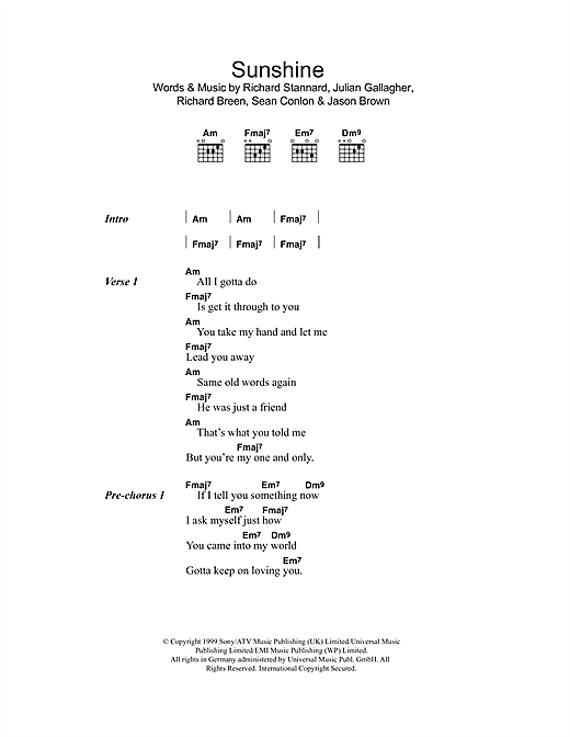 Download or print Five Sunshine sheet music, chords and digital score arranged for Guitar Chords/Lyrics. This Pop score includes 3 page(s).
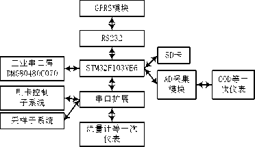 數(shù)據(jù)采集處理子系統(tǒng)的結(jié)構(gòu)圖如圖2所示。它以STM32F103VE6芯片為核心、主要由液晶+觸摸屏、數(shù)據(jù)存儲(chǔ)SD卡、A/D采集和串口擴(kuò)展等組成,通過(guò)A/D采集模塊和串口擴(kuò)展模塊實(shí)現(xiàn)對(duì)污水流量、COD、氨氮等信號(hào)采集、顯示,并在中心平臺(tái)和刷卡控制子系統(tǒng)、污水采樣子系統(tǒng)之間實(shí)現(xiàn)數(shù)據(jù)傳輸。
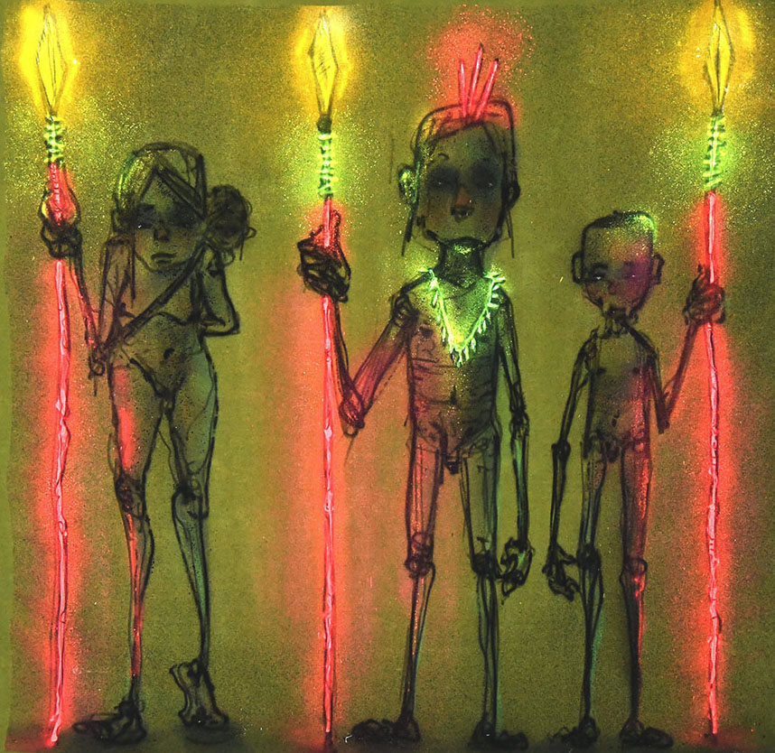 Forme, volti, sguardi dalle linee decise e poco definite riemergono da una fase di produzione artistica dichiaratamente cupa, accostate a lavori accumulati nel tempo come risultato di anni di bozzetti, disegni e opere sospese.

---

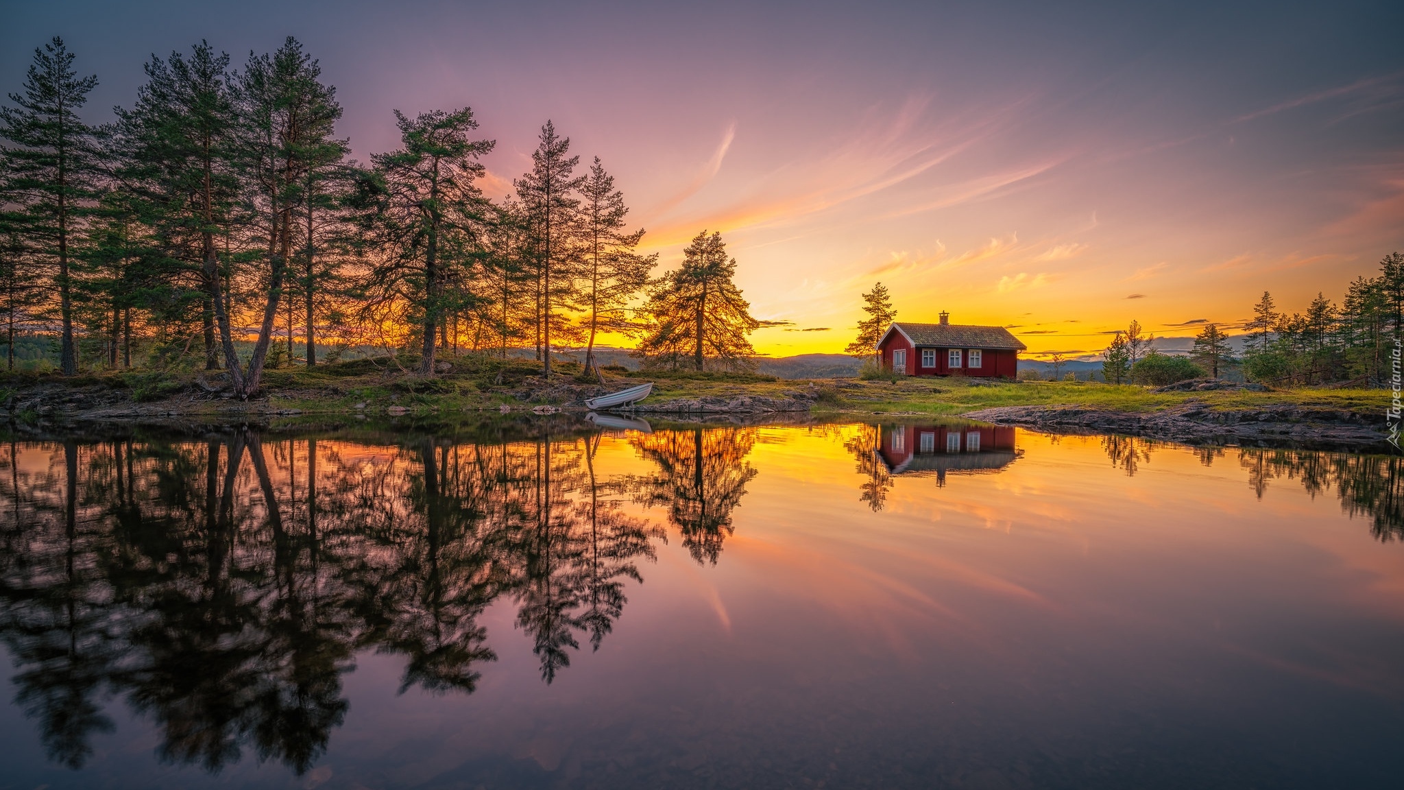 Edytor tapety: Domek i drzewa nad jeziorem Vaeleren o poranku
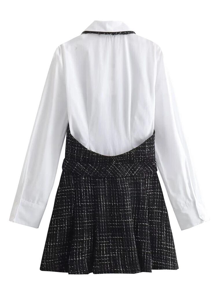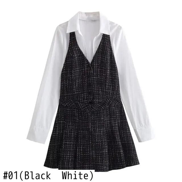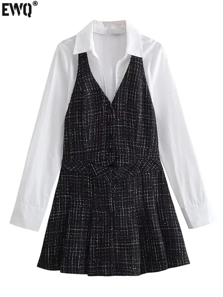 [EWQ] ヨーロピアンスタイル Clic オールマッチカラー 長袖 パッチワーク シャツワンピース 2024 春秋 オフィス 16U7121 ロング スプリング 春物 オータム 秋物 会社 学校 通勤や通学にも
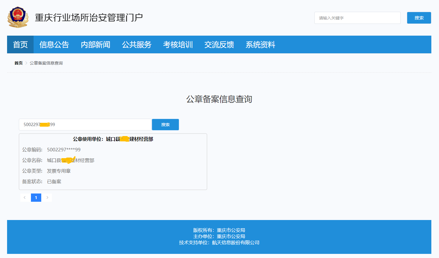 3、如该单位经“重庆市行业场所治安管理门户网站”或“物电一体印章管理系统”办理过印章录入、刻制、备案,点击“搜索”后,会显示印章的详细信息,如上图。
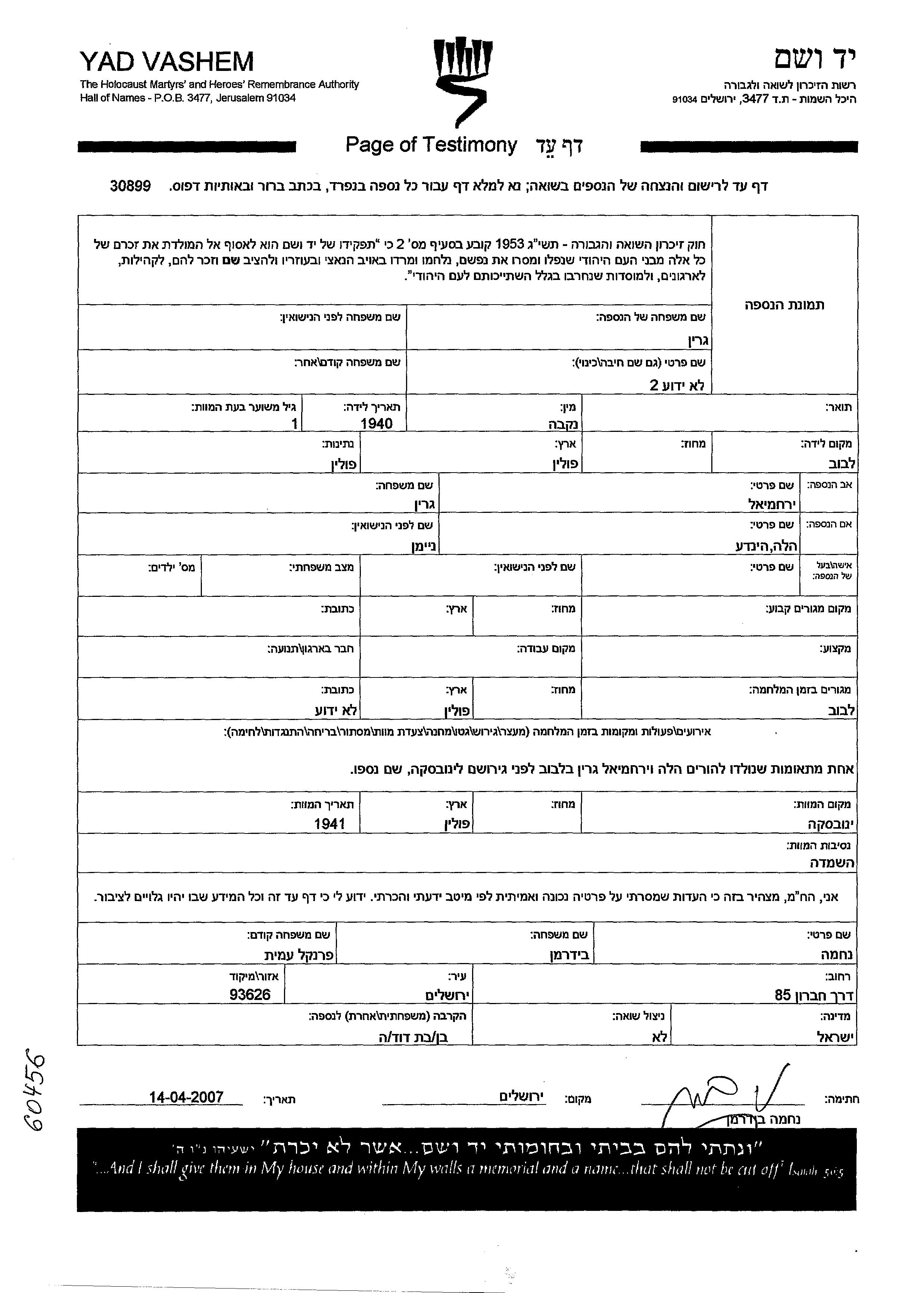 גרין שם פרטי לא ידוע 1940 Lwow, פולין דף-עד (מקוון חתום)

▶ _Problem_:
Copy the listing above exactly, but only from the line with "Download or print" through the line with "Forme, volti, sguardi", including those two lines and excluding any picture.

▶ _Task solution_:
 Download or print Five Sunshine sheet music, chords and digital score arranged for Guitar Chords/Lyrics. This Pop score includes 3 page(s).
 數(shù)據(jù)采集處理子系統(tǒng)的結(jié)構(gòu)圖如圖2所示。它以STM32F103VE6芯片為核心、主要由液晶+觸摸屏、數(shù)據(jù)存儲(chǔ)SD卡、A/D采集和串口擴(kuò)展等組成,通過(guò)A/D采集模塊和串口擴(kuò)展模塊實(shí)現(xiàn)對(duì)污水流量、COD、氨氮等信號(hào)采集、顯示,并在中心平臺(tái)和刷卡控制子系統(tǒng)、污水采樣子系統(tǒng)之間實(shí)現(xiàn)數(shù)據(jù)傳輸。
 Forme, volti, sguardi dalle linee decise e poco definite riemergono da una fase di produzione artistica dichiaratamente cupa, accostate a lavori accumulati nel tempo come risultato di anni di bozzetti, disegni e opere sospese.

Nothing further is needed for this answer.